Conduttrice: grazie a te di essere venuto, Brent. Ed eccoci qua... Brent, dove investirai quest'anno?
BL: sai, Daphne, siamo stati ribassisti su gas e petrolio ultimamente e ci siamo un po' espansi verso altri settori. Ci piace proprio questo business degli esseri umani. Guarda un grafico a lungo termine: i prezzi sono ai minimi storici, eppure la domanda globale di lavoro forzato è ancora fortissima. Perciò, questo è uno scenario su cui capitalizzare, secondo noi.
D: Michael, e tu come la vedi questa storia degli esseri umani? Sei interessato?
MD: Oh, assolutamente. Il maggior vantaggio del lavoro "non volontario" quale asset è l'offerta costante. Non ci mancherà mai gente. Nessun'altra materia prima è così.

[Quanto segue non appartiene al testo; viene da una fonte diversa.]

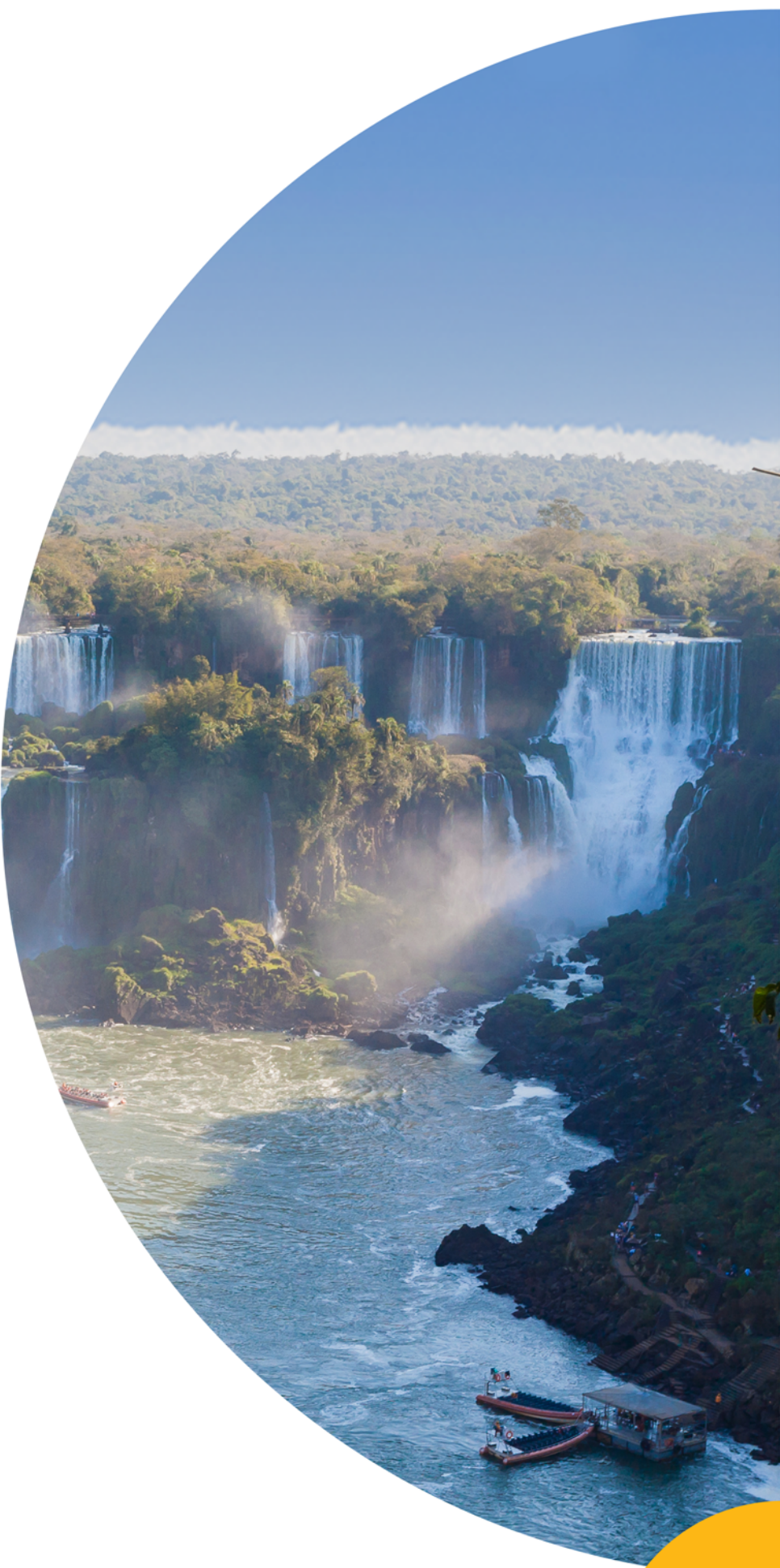
CATARATAS DO IGUAÇU

BL: Daphne, se posso portare la tua attenzione su una cosa... vedi, gli investitori privati stanno già fiutando l'affare. E questo mi dice che questo mercato è lì lì per decollare. Africani e indiani, come al solito, sudamericani ed europei dell'est in particolare sono nella nostra lista acquisti.
D: Interessante. Michael, alla fin fine che cosa consigli?
MO: Consigliamo ai nostri clienti di comprare e tenere in portafoglio. Nessuna ragione di giocarsi questa cosa in borsa. C'è un mare di gente vulnerabile là fuori. E' così eccitante.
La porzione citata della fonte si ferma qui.